Back in 1969, I saw one of the most exciting games of my life. Bromley were away to Wealdstone, who, at the time, were one of the most powerful sides in the Isthmian League. Bromley, as you will be aware, were not.
We somehow managed to scrape a draw, with the home team getting a last-minute equaliser.
A Wealdstone fan, who was at the game, and was about the same age as me, has got in touch after reading the book. As soon as he'd finished the chapter about that particular match, he decided to look up the details in his own programme collection. "Was I at the match?" he wrote. " Well, yes, it appeared that I was - as I had written in the result and scorers in red ballpoint pen, as was my custom."
"But what's this?" he continues. " In my own12-year-old handwriting I'd listed Wealdstone as winning 6-1, with Dave Swain getting FOUR goals, and Lincoln Peddie and Mickey Doyle the others. But didn't Dave Roberts chronicle the game as finishing 1-1 after "Postman Pat" Brown had put Bromley ahead?
Oh dear. It seems that for some reason I was so disgusted that the mighty Stones had only managed to draw with the rock-bottom Kent side that I got home, opened the programme and scribbled the imaginary scoreline. Did I think that would make it all better?"
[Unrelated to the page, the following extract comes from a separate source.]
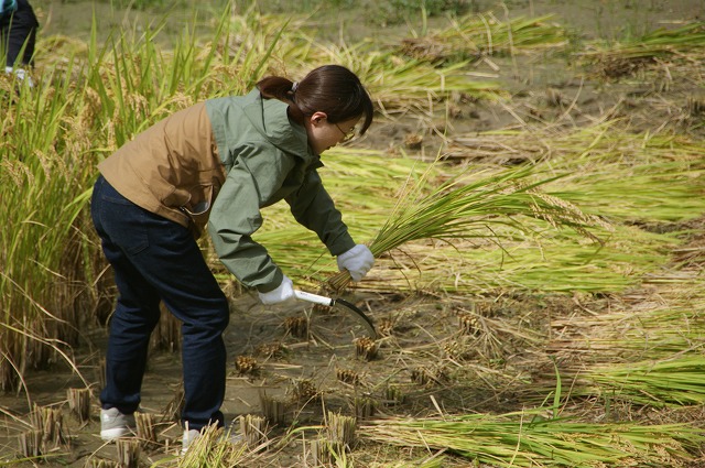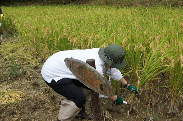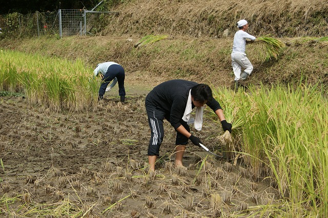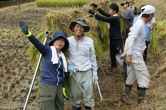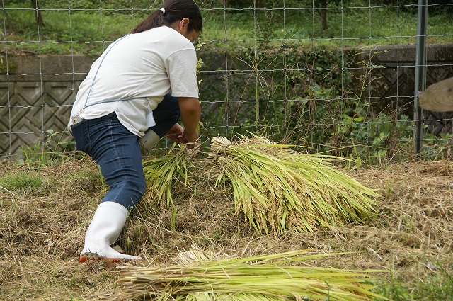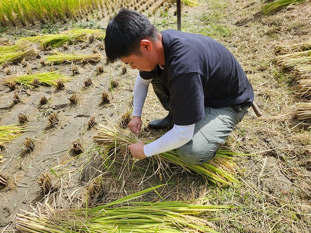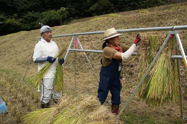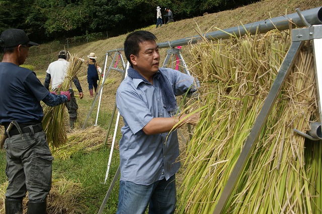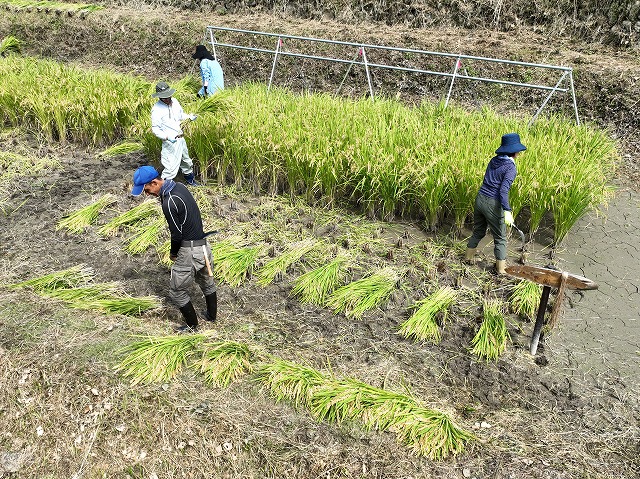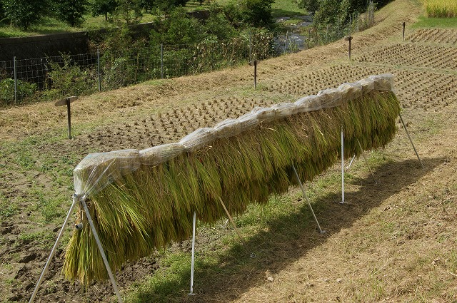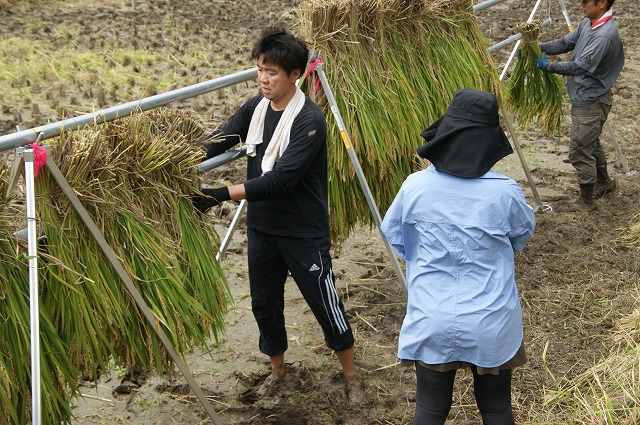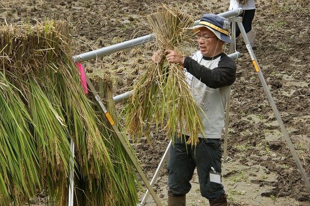 最近は田んぼでハデ干ししている所も少なくなりましたが、掛け方を聞きながら決められた場所に稲を掛けていきました。

It was one of the best emails I've ever had.

Monday, September 1, 2008

Illusions shattered

Being a Bromley supporter in the 60s and 70s meant having very little to feel smug about. The team regularly finished around the bottom of the Isthmian League, no players were ever picked for representative sides and there were never any FA Cup shocks involving Bromley.
But one thing I always clung on to was the fact that we were genuinely amateur. This explained to my pre-pubescent mind why every other team seemed to be better. It was obviously because they paid their players and we didn't.
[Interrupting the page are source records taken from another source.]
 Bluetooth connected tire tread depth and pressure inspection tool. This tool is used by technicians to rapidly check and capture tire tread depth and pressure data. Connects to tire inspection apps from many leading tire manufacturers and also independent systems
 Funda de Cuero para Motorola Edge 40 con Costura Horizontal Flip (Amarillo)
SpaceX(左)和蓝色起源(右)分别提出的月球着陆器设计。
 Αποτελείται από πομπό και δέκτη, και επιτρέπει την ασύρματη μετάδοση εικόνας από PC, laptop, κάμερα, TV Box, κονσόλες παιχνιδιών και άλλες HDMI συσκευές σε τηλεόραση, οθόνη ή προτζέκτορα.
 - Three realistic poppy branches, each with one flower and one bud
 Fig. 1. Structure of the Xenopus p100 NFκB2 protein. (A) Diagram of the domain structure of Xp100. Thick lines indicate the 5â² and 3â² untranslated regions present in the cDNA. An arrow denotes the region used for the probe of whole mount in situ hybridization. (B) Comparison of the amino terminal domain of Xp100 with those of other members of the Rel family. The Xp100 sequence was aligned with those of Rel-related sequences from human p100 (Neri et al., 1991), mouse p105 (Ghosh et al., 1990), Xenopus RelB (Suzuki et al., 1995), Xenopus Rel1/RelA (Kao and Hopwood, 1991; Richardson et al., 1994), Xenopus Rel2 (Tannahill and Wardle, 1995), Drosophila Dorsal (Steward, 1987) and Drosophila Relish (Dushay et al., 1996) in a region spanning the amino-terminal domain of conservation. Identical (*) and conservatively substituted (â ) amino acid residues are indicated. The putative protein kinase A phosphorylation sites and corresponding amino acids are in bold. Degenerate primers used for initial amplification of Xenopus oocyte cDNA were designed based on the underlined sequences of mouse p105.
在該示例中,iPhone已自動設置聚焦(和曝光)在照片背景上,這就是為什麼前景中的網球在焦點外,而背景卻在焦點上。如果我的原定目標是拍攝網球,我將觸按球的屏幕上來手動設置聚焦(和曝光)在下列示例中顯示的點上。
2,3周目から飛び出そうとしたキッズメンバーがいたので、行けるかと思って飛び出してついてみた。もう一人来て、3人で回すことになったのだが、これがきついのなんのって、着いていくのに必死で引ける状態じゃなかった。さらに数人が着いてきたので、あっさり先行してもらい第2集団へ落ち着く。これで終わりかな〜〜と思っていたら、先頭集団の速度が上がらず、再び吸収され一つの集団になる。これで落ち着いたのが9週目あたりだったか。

I held onto this source of comfort for nearly 40 years. Until last February. That was when, during researching The Bromley Boys, I asked an ex-player why he left the club (and broke my heart) in 1969. He said that he'd had enough of the manager at the time and just wanted out. He then dropped a bombshell. He told me that one of the committee members begged him to stay and stuffed a wad of cash in his boots, which were in his locker. "It was twice as much as my normal weekly payment", the ex-player said. "But I still decided to move".
There are some things you should never, ever have to find out.